7. Copy on First Write
It’s a hybrid technique that combines the best parts of Copy-on-Write, Double-Write Buffer, and Write-Ahead Logging (WAL)
> When a page in the B-Tree is updated for the first time since the last checkpoint, make a copy of the original page (just like Copy-on-Write).The update is applied to the new copy, and the B-Tree is updated to point to this new page. The old version is kept around until the next checkpoint finishes.
but but but, here’s whats diff from copy on write :
If the same page is updated again before the next checkpoint, it’s updated in-place (no more copying !).
Each change will now be logged as a delta, not the full page.
This realllyyy balances performance and safety cause only the first update to a page in each checkpoint interval requires a copy (so, less write amplification than always copying) later updates are fast, in-place changes.
The issue is that we have to keep the old versions of pages around until the next checkpoint, which uses more disk space (space amplification).
OrioleDB [and some mordern search engines] is the only widely-known database that uses this exact “Copy on First Write” strategy as described.
8. Atomic Multi-Block Writes
- Linux 🐧[only penguin emoji I found :( ] is adding support for true atomic writes at the filesystem level.
- Atomic write means: the whole write either happens completely, or not at all—no torn pages!
So, they basically introduced a set of new system calls and flags :
pwritev2()
: A system call for writing data to files.RWF_ATOMIC
: A new flag you can pass topwritev2()
to request atomic writes.
How do we utilize this ?
1.Open your file with O_DIRECT
(bypasses the OS cache).
2.Make sure your writes are aligned and sized according to what statx() [statx can ask the filesystem and hardware what sizes of atomic writes is supported]
3.Use pwritev2()
with the RWF_ATOMIC flag.
⚠️ If you try to write too much at once, or use too many segments, you’ll get an error.
How Does Multi-Block Atomicity Work?
For larger atomic writes, Linux will use a copy-on-write-like approach:
1.Write the new data to a new area (extent) on disk.
2.Update the file’s metadata to point to the new data.
This is safe, but means two fsync() operations (so, two disk flushes), and more metadata overhead.
What Does This Mean for Databases?
> Databases can now rely on the filesystem to prevent torn pages—no need to write full pages to the WAL or use double-write buffers, if the hardware and filesystem support it.
> AlloyDB Omni is an example: it can use RWF_ATOMIC and turn off full_page_writes, making writes faster and using less disk space.
Should You Still Worry About Torn Writes?
> If You Use Modern Storage and Filesystems: Torn writes are rare. Most modern systems guarantee atomic 4KB writes.
> Checksums and WAL are still best practice. They protect against other forms of corruption (e.g., bit rot, firmware bugs).

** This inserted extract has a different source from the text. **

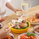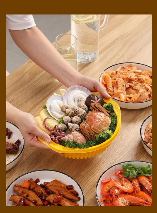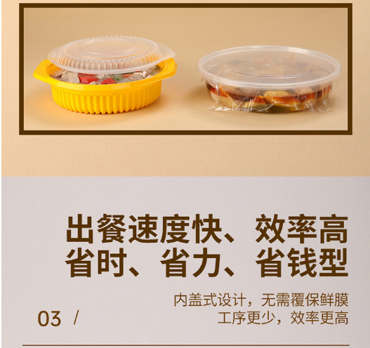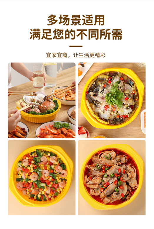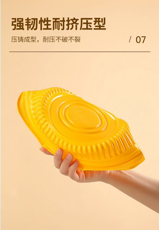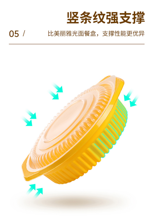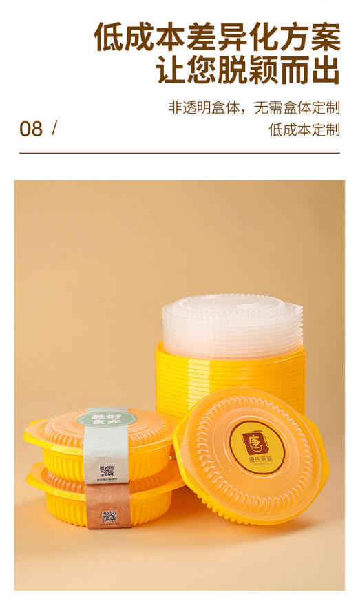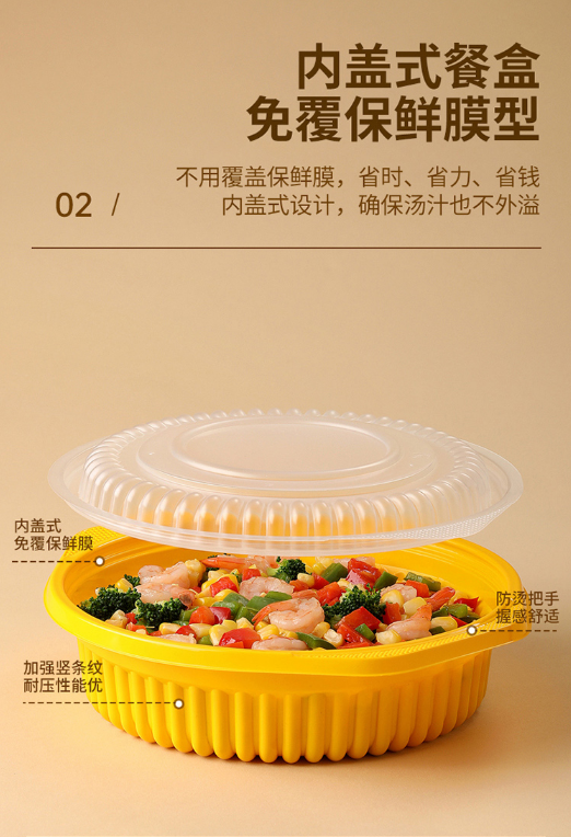 美丽雅 一次性带盖圆形餐盒1350ml*60套 黄色条纹大容量汤碗耐热不易变形烧烤冒菜水果外卖盒 自营

> Doublewrite buffers may be redundant. Some databases are removing them for performance.
Some argue that enterprise SSDs equipped with supercapacitors for power-loss protection, the same technology often cited for enabling asynchronous completion of fsync()
are also resistant to torn writes.
How Amazon (AWS) Handles Torn Writes
If you’re running databases or applications on AWS, you’re likely using Amazon EBS (Elastic Block Store) for persistent storage. AWS has engineered EBS to minimize the risk of torn writes and data corruption.
EBS Atomicity Guarantees
> Atomic 512-byte sector writes: EBS guarantees that a single 512-byte sector write is atomic. After a successful write, the sector contains either the old data or the new data—never a mix.
> Replication: EBS volumes are automatically replicated within an Availability Zone, protecting against hardware failure and increasing durability.
> Consistency: EBS is designed to provide consistent and durable storage, even in the event of hardware failure.
Note: While EBS guarantees atomicity at the 512-byte sector level, larger writes (e.g., 4KB, 8KB) are only atomic if they are aligned and issued as a single write operation by the OS or application.